How should researchers analyze data from YOR034C-A deletion experiments in the context of biofilm regulatory networks?

Analyzing data from YOR034C-A deletion experiments requires integrating multiple data types within the broader context of biofilm regulatory networks:

• Normalization and statistical analysis:

  • Normalize biofilm measurements to account for growth differences (OD595nm/OD600nm)

  • Log-transform data to achieve normal distribution for statistical testing

  • Calculate median values from replicate experiments

  • Establish significance thresholds (e.g., scores less than 0.584 indicate significantly reduced biofilm)

• Network-based analysis approach:

  • Position YOR034C-A within known regulatory pathways (PKA, MAPK, TOR)

  • Compare yor034c-a phenotypes with other biofilm regulators (flo8, sfl1, tpk3)

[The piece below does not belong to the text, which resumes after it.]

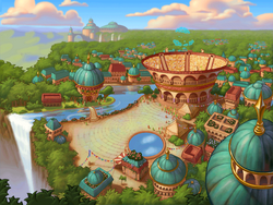 The Coliseum Plaza was an open space at ground level within Theed, the capital city situated on the planet of Naboo. This area was home to several entertainment spots, specifically the Theed Coliseum, the Theed Music Hall, and the Naboo Puppet Theater, in addition to a circular, decorative pond. Constructed on the side of a cliff and near a waterfall, the plaza's surface was covered in sandstone-like tiles arranged in a circular design. From the plaza, one could observe Theed Royal Palace off in the distance.

  • Create genetic interaction profiles by analyzing double mutants

  • Construct regulatory network models using systems biology approaches

• Transcriptomic data integration:

  • Identify genes differentially expressed in yor034c-a mutants

  • Focus on changes in FLO11 and other adhesion-related genes

  • Compare expression profiles with other biofilm-defective mutants

  • Use clustering analysis to identify functional gene groups

• Phenotypic correlation analysis:

  • Correlate biofilm measurements with invasive growth and mat formation

  • Assess FLO11 expression levels using FISH in single cells

  • Calculate the percentage of cells expressing FLO11 in different genetic backgrounds

  • Compare with known regulators like tpk3 mutants, which show increased FLO11 transcription

This integrated analytical approach positions YOR034C-A within the complex regulatory network controlling biofilm formation and provides mechanistic insights into its function.